Multicore OCaml - weitzj
http://www.cl.cam.ac.uk/~sd601/multicore.md

======
deadgrey19
I'm not an OCaml programmer, so much of this document goes over my head, but I
have done a lot of thought about multi-core and multi-thread processing. It
seems to me (and this is along the lines of your document, if I'm reading it
right) that the best way to do this is to make all sharing explicit.

On a single core, pre-emptive multi-threading is a bad idea because state is
necessarily shared, which means that programmers need to be very careful and
usually get it wrong. A co-operative threading model is the right model here
because writers can rely on a single thread abstraction for writing code, but
can then yield off to other "threads" to keep the core busy. This requires no
context switching overhead, but it does require that all I/O is asynchronous.

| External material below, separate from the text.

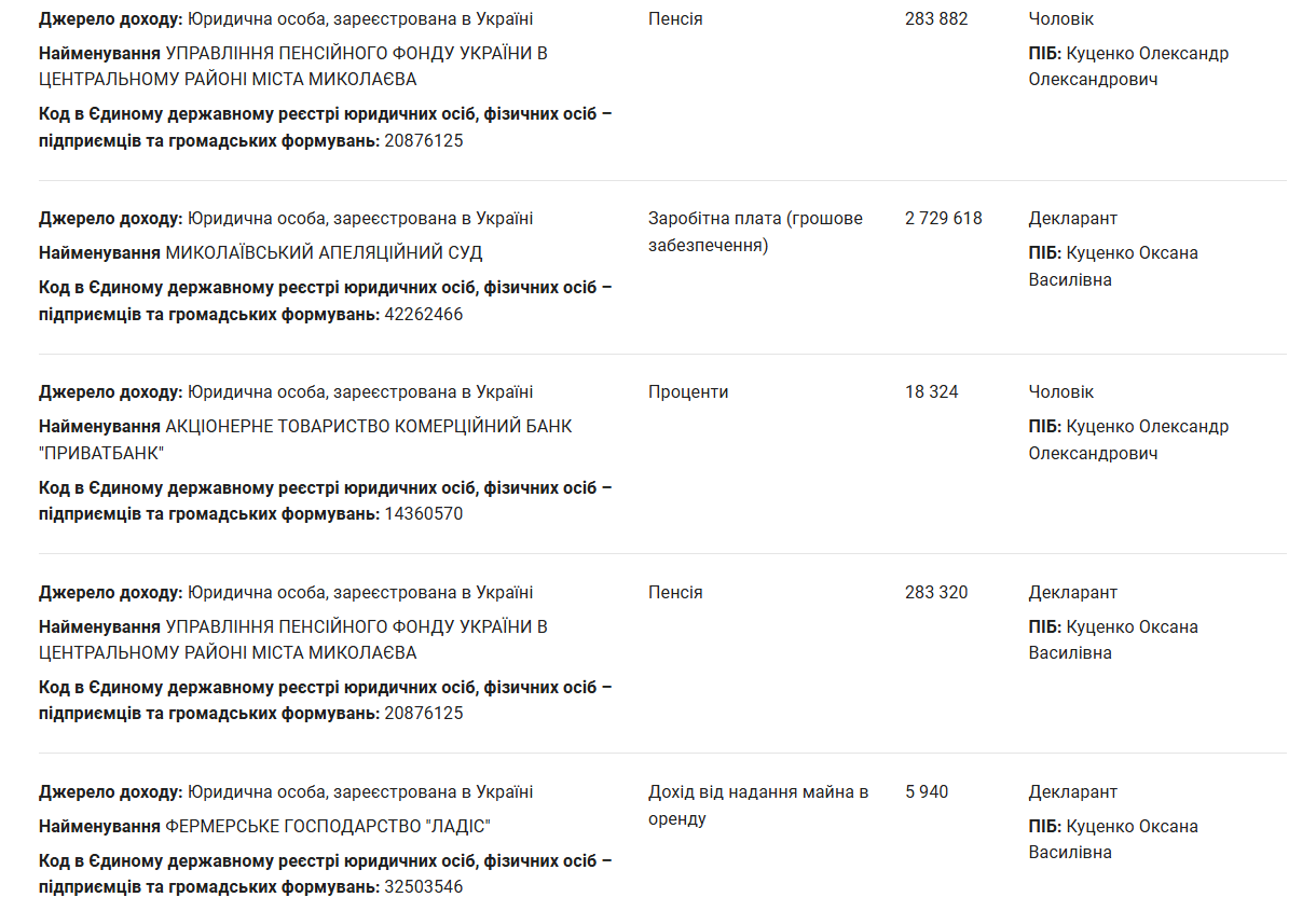 Згідно з декларацією, у 2025 році Оксана Куценко отримала майже 2,8 мільйони гривень заробітної плати та понад 283 тисяч гривень пенсії, пишуть «МикВісті».

For multicore processing, again, threads are generally a bad idea, not only is
state shared, but now it has to potentially cross NUMA nodes implicitly which
again is a terrible idea for performance (and performance debugging).

The model proposed sounds like a good one, with an explicit shared state and a
"context" (per cooperative thread) local state.

My biggest fear is the idea of "auto-promoting" objects from local into shared
state. This means that either the compiler will have to implicitly lock
everything in the shared state for concurrent access, which will lead to
correct code and potentially poor performance (e.g lockless shared data
structures are not possible) or, programmers will need to take care to lock
everything themselves which we all know has worked out really well in terms of
correctness.

My suggestion would be to make (potentially through language annotations) two
new kinds of allocations, shared synchronized allocations, and shared
unsynchronized allocations and to ensure that no pointers can cross between
any of the three memory regions.